Na obra do autor (outros textos que fundamentem e esclareçam os pressupostos gerais do pensamento de Epicuro:

- a física (o atomismo)

- a metafísica (refutação do espiritualismo e negação da providência)

- a antropologia: inseparabilidade de alma e corpo; a alma não é imortal; a alma é contemporânea do corpo

 

Na época histórico-cultural: fim da época clássica, fase helenística.

 

Na problemática filosófica em jogo: o problema ético.

 

 

 

Noções de metodologia: as referências bibliográficas

 

Referência bibliográfica de uma obra com um só autor:

Umberto Eco, Como se faz uma tese em Ciências Humanas, trad. port. de XXX, Lisboa, Editorial Presença,1980.

ou:

Umberto Eco, Como se faz uma tese em Ciências Humanas, Lisboa: Editorial Presença,1980.

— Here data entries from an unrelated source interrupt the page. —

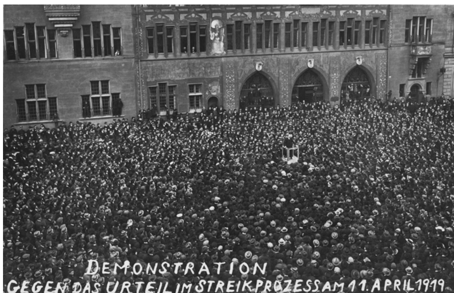
Abb. 10: Die Urteile im Landesstreikprozess wurden von weiten Teilen der Linken als «Klassenjustiz» der «Bourgeoisie» angeprangert.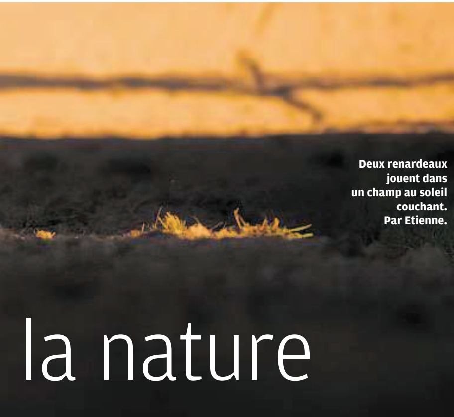
Deux renardeaux jouent dans un champ au soleil couchant. Par Etienne.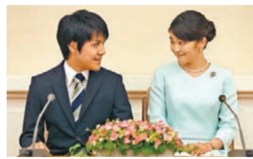
真子公主與小室圭訂婚。

日本宮內廳昨日正式宣佈，日皇二王子秋篠宮夫婦長女真子公主與大學同學小室圭訂婚。日本放送協會報導，王室上午在皇居內根據傳統儀式，舉行日皇准許結婚的「裁可」等儀式，宮內廳長官山本信一郎隨後在廳舍內舉行記者會，公佈訂婚消息。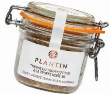
Terrine du trufficulteur au foie gras entier et à la truffe noire 3%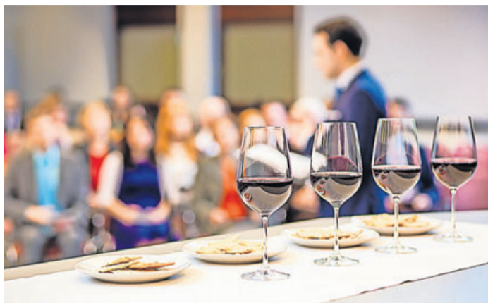
Gottesdienst am wichtigsten Feiertag von Jehovas Zeugen.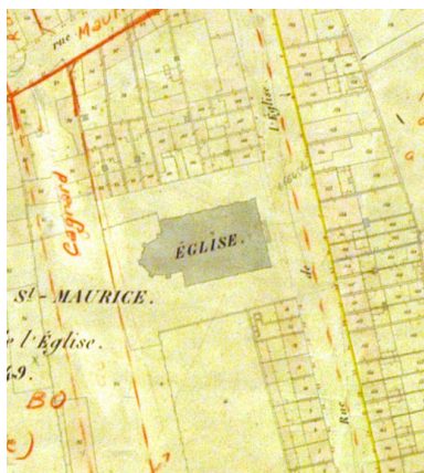
Extrait du cadastre de 1852 (DGI). IVR22_20038010438NUCA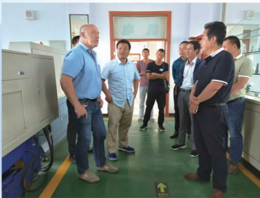
德国赛德尔基金会 莱贝格先生来校考察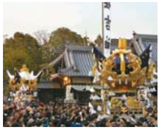
北条節句祭り ※毎年、4月第1土日に開催

周辺には公園やお寺・古墳なども点在。 少し足をのびて歴史浪漫に ひたってみませんか。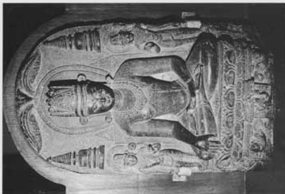
図19 脇侍菩薩をとる触地印宝冠仏坐像 (インド博物館)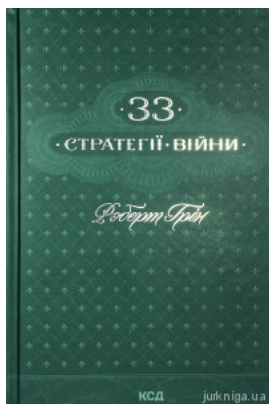
33 стратегії війни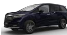
Stellar Sky Blue (темно-синий)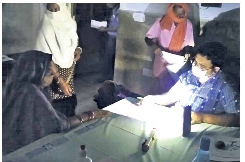
ମୋବାଇଲ ଲାଇଟ୍‌ରେ ଡାକ୍ତର ରୋଗୀ ଦେଖୁଛନ୍ତି ।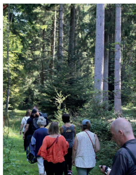
L'association Jorat parc naturel a publié son nouveau programme 2023.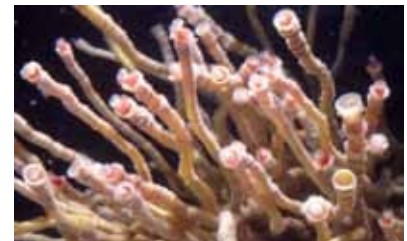
サツマハオリムシ

錦江湾の豊かさと火山が育む不思議な生きもの「サツマハオリムシ」。いつもの会場から大きく飛び出し、ハンズオン展示を楽しめるキッズコーナーや記念イベント、オリジナルグッズの制作販売など、全館を挙げて錦江湾の大発見「サツマハオリムシ」の生き方に迫ります。ぜひ水族館へ足を運んで、サツマハオリムシの魅力を感じてください。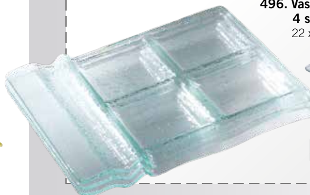
496. Vassoio aperitivo 4 scomparti 22 x 28 cm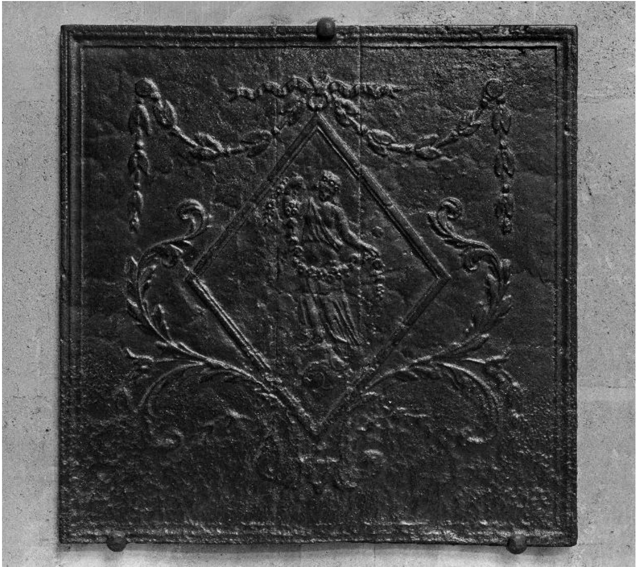
Vue générale de la seconde plaque.

Leonel Ribeiro dos Santos, Linguagem, Retórica e Filosofia no Renascimento, Lisboa, Edições Colibri, 2004.

ou:

Leonel Ribeiro dos Santos, 2004, Linguagem, Retórica e Filosofia no Renascimento, Lisboa: Edições Colibri.

Leonel Ribeiro dos Santos, Linguagem. Retórica e Filosofia no Renascimento, Lisboa, Edições Colibri, 2004.

 

 

R. Lenoble, História da ideia de Natureza, trad. port.- de AAA, Lisboa, Ed. 70, 1990.

 

Albert Camus, Le mythe de Sisyphe. Essai sur l'absurde, Paris: Gallimard, 1942.

Albert Camus, Le mythe de Sisyphe. Essai sur l'absurde, 2.ª ed. Paris: Gal­li­mard, 1970.

ou:

Albert Camus, Le mythe de Sisyphe. Essai sur l'absurde, Paris, Galli­mard, 19702.

ou:

Albert Camus, Le mythe de Sisyphe. Essai sur l'absurde, Paris: Galli­mard, 21970.

 

 

 

Referência bibliográfica de uma obra com dois autores:

 

M. Ribeiro Sanches e A. Veríssimo Serrão, A Invenção do “Homem”. Raça, Cul­tura e História na Alemanha do século XVIII, Lisboa: Centro de Filosofia da Uni­ver­­sidade de Lisboa, 2002.

 

Ensinar Filosofia? O que dizem os filósofos, coord. M. José Vaz Pinto e M. Luísa Ribeiro Ferreira, Lisboa, Centro de Filosofia da Universidade de Lisboa, 2013.

ou:

M. José Vaz Pinto e M. Luísa Ribeiro Ferreira (coords.), Ensinar Filosofia? O que dizem os filósofos, Lisboa, Centro de Filosofia da Universidade de Lisboa, 2013.